TTI / Dev /README_VLAC_SERVICE.md
JosephBai's picture
Upload folder using huggingface_hub
857c2e9 verified
# VLAC Service
A minimal HTTP API service that exposes the Vision-Language-Action-Critic (VLAC) model for use in SimpleVLA-RL training.
## Quick Start
### 1. Install Dependencies
```bash
pip install -r requirements_vlac_service.txt
```
### 2. Start the Service
```bash
python vlac_service.py --port 8111 --gpu-ids 0,1,2,3
```
### 3. Test the Service
```bash
python test_vlac_service.py --url http://localhost:8111
```
## Usage
### Command Line Options
```bash
python vlac_service.py --help
```
- `--port`: Port to run on (default: 8111)
- `--host`: Host to bind to (default: 0.0.0.0)

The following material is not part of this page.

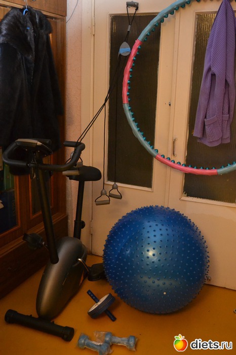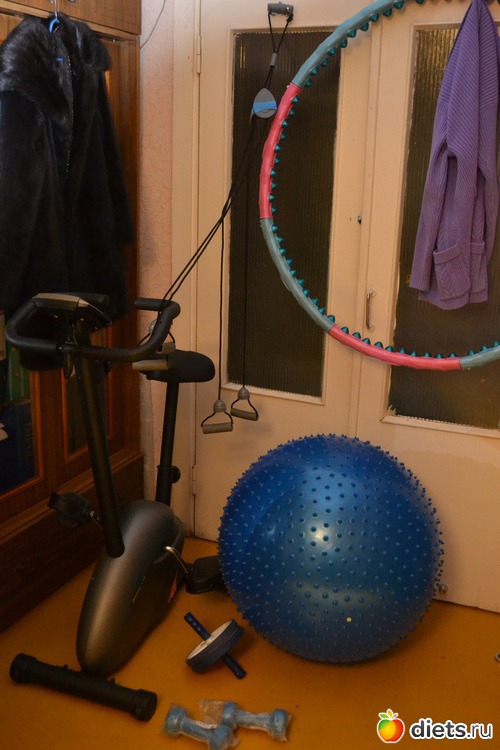 на мяче - ноги на нем сама на полу и поднимала торс (нагрузка на пресс) - по 20 раз 5 подходов (последний раз еле доделала),

- `--ckpt-path`: Path to VLAC checkpoint (default: /home/zechen/SimpleVLA-RL/CKPT/VLAC)
- `--gpu-ids`: Comma-separated GPU IDs (default: "0")
- `--workers`: Number of workers (default: 1)
### Environment Variables
- `VLAC_SAVE_INPUTS=1`: Save decoded images to `/tmp/vlac_debug/` for debugging
## API Endpoints
### Health Check
```bash
curl -X POST http://localhost:8111/healthcheck
```
### Pairwise Critic
```bash
curl -X POST http://localhost:8111/pairwise-critic \
-H "Content-Type: application/json" \
-d '{
"task": "Pick up the bowl and put it in the box",
"image_a": "<base64_image>",
"image_b": "<base64_image>",
"rich": false
}'
```
### Done Detection
```bash
curl -X POST http://localhost:8111/done \
-H "Content-Type: application/json" \
-d '{
"task": "Pick up the bowl and put it in the box",
"first_frame": "<base64_image>",
"prev_frame": "<base64_image>",
"curr_frame": "<base64_image>",
"reference": ["<base64_image>"]
}'
```
### Trajectory Critic
```bash
curl -X POST http://localhost:8111/trajectory-critic \
-H "Content-Type: application/json" \
-d '{
"task": "Pick up the bowl and put it in the box",
"frames": ["<base64_image>", "<base64_image>"],
"skip": 5,
"ref_num": 6,
"batch_size": 10,
"think": false,
"return_video": false
}'
```
## Integration with SimpleVLA-RL
The service is designed to be called from the `verl` training framework:
1. **During training**: Call `/done` after each step to determine episode termination
2. **At episode end**: Call `/trajectory-critic` to get value estimates for terminal rewards
3. **During evaluation**: Use environment `done` signal (skip VLAC)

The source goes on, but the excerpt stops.